■ **EXERCISE REQUIREMENTS**
Return the listing exactly, please; no pictures.

■ **SUPPLIED MATERIAL**

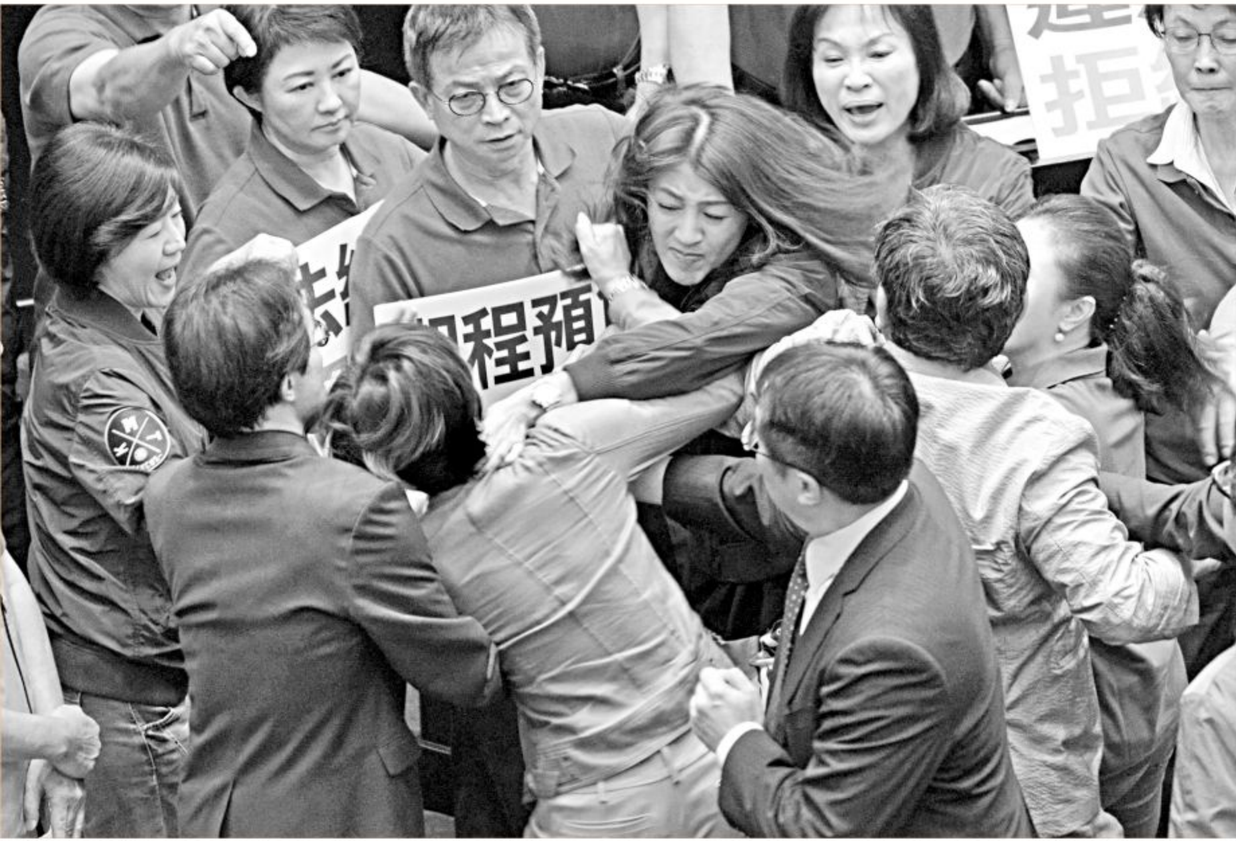
Taiwan's main opposition legislator Hsu Shu-hua brawls with a member of ruling Democratic Progressive Party during a review of a major infrastructure project at the Parliament in Taipei yesterday as the government of President Tsai Ing-wen pressed ahead with controversial reforms.
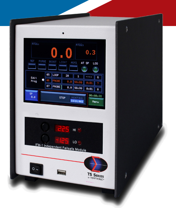
TS Shown with Failsafe Module option

The inTEST Thermal family includes three temperature-related corporations: Temptronic, Sigma Systems, and Thermonics. Products include thermal chambers and plates, portable temperature environments, and process chillers.

■ **SOLVED PROBLEM**
Taiwan's main opposition legislator Hsu Shu-hua brawls with a member of ruling Democratic Progressive Party during a review of a major infrastructure project at the Parliament in Taipei yesterday as the government of President Tsai Ing-wen pressed ahead with controversial reforms.
TS Shown with Failsafe Module option

The inTEST Thermal family includes three temperature-related corporations: Temptronic, Sigma Systems, and Thermonics. Products include thermal chambers and plates, portable temperature environments, and process chillers.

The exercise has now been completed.